▶ **DIRECTIONS**
Of all the entries below, retype only the lines from the one with "1、打开我的世界基岩版,进入世界,然后点击上方按键" through the one with "Yeknu Black Jumpsuit", exactly as they appear.

▶ **RECORD EXCERPTS**

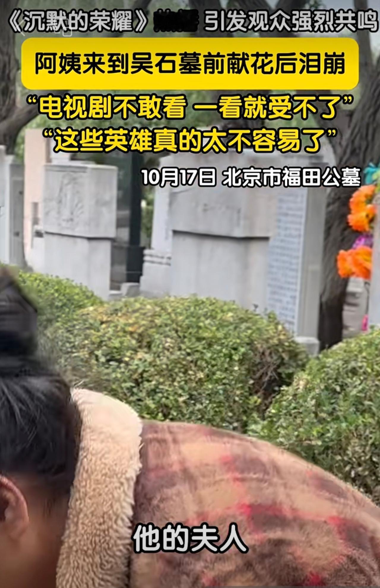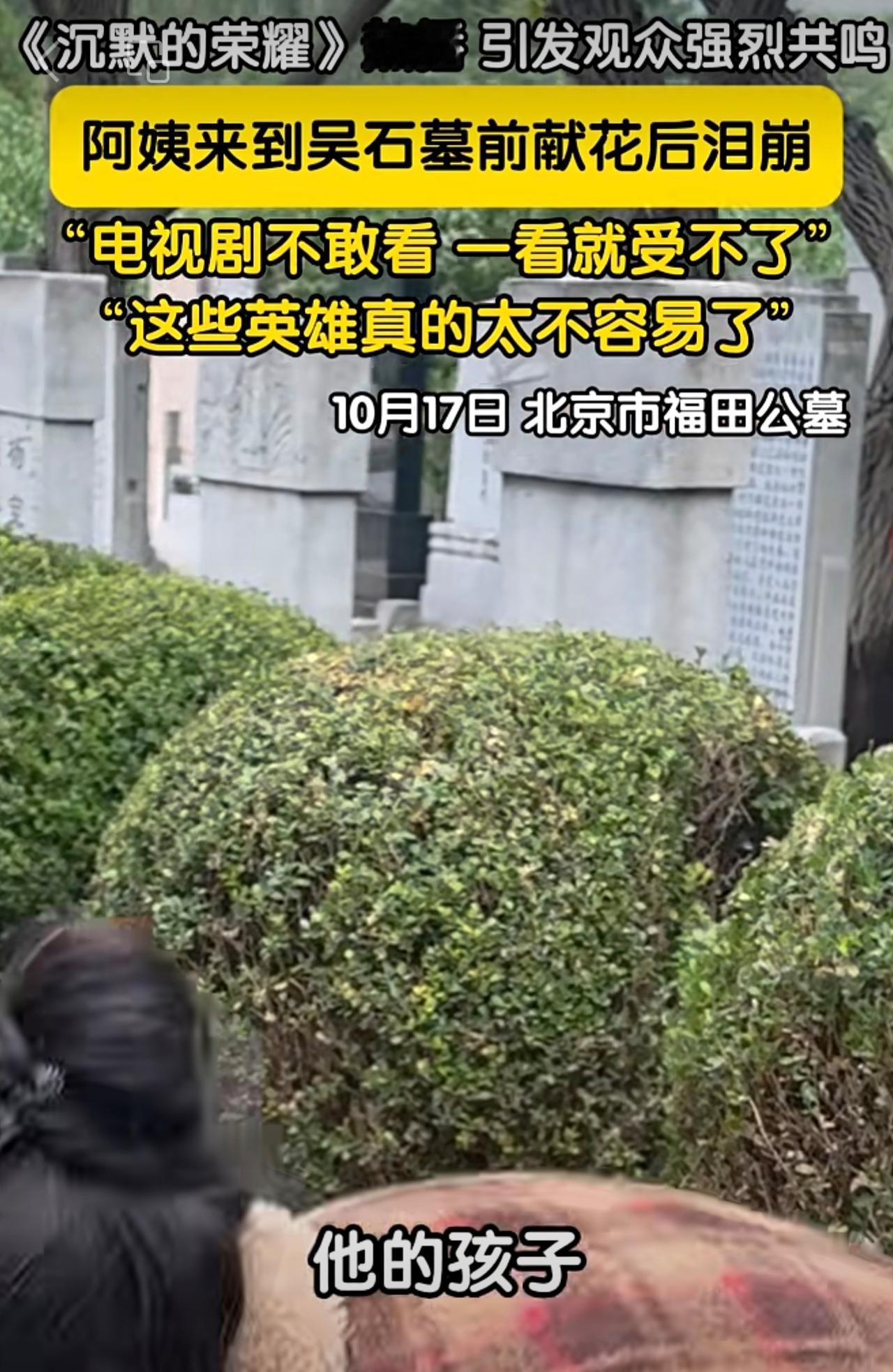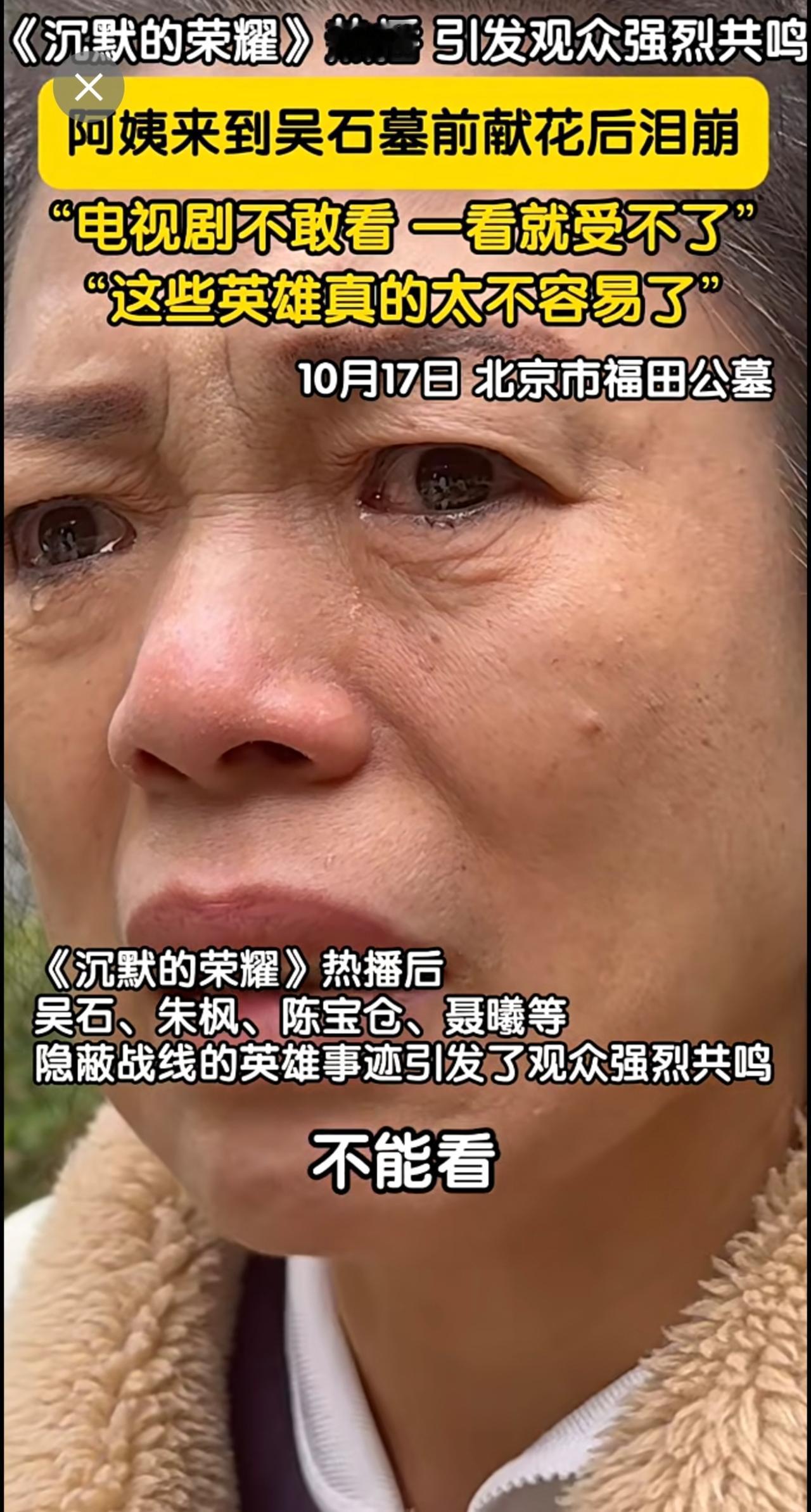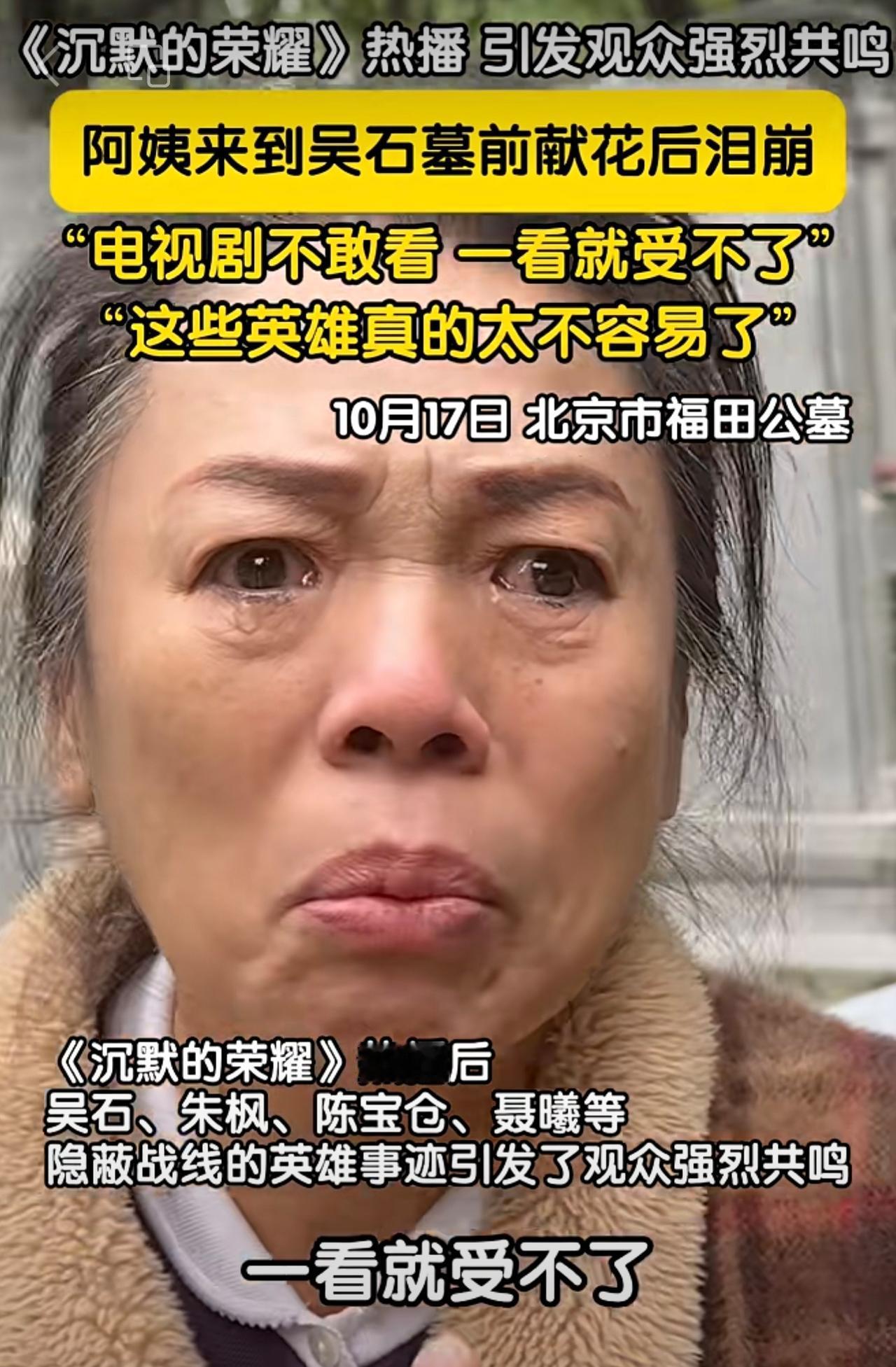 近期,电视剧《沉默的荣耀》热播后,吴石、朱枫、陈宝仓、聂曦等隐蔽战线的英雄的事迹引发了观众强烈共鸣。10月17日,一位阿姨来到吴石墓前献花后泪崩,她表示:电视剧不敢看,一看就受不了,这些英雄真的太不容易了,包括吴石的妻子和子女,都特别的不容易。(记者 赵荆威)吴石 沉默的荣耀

...

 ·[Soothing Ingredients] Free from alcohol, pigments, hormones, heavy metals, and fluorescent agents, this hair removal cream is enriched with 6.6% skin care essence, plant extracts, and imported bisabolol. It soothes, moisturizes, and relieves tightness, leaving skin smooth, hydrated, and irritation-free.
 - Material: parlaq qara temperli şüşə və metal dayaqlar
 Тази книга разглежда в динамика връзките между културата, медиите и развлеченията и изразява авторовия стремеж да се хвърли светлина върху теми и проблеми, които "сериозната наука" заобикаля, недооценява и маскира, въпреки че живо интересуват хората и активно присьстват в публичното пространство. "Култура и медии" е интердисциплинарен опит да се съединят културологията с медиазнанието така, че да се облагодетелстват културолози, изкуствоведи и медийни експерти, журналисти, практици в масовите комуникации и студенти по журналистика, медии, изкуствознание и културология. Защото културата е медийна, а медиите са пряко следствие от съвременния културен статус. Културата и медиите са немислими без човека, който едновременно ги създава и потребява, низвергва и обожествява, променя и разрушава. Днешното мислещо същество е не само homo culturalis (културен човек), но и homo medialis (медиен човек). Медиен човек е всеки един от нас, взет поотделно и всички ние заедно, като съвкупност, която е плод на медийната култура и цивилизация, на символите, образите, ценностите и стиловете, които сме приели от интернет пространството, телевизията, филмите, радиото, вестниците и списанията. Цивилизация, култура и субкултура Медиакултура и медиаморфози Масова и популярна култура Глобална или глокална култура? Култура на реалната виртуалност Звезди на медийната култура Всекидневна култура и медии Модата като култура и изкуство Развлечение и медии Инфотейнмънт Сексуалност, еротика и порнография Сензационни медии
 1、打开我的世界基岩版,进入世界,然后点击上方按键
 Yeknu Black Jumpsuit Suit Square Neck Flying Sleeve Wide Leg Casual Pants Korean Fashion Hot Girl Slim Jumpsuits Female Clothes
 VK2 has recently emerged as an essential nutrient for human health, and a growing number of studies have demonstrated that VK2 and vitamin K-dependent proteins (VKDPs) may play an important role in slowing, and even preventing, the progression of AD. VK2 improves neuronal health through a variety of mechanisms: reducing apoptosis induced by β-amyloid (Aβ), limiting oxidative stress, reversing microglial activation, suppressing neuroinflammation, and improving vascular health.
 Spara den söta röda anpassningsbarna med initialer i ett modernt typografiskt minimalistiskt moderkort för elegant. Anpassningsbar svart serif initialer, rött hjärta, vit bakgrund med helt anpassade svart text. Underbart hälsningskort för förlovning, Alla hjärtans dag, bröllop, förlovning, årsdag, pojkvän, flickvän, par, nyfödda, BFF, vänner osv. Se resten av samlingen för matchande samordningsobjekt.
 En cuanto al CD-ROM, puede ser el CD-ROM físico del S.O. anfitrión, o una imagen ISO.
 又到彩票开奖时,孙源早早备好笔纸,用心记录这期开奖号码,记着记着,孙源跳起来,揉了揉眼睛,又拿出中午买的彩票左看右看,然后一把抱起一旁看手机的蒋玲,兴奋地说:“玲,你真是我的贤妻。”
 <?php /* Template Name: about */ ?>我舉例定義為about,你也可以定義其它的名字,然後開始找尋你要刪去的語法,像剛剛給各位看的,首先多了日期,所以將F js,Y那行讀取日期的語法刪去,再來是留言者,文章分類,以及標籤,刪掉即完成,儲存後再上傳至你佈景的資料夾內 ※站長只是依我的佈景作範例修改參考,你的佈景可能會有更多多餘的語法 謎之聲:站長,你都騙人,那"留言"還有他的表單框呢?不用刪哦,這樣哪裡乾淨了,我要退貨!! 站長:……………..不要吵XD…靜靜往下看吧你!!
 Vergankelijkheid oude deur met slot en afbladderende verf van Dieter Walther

▶ **EXPECTED OUTPUT**
 1、打开我的世界基岩版,进入世界,然后点击上方按键
 Yeknu Black Jumpsuit Suit Square Neck Flying Sleeve Wide Leg Casual Pants Korean Fashion Hot Girl Slim Jumpsuits Female Clothes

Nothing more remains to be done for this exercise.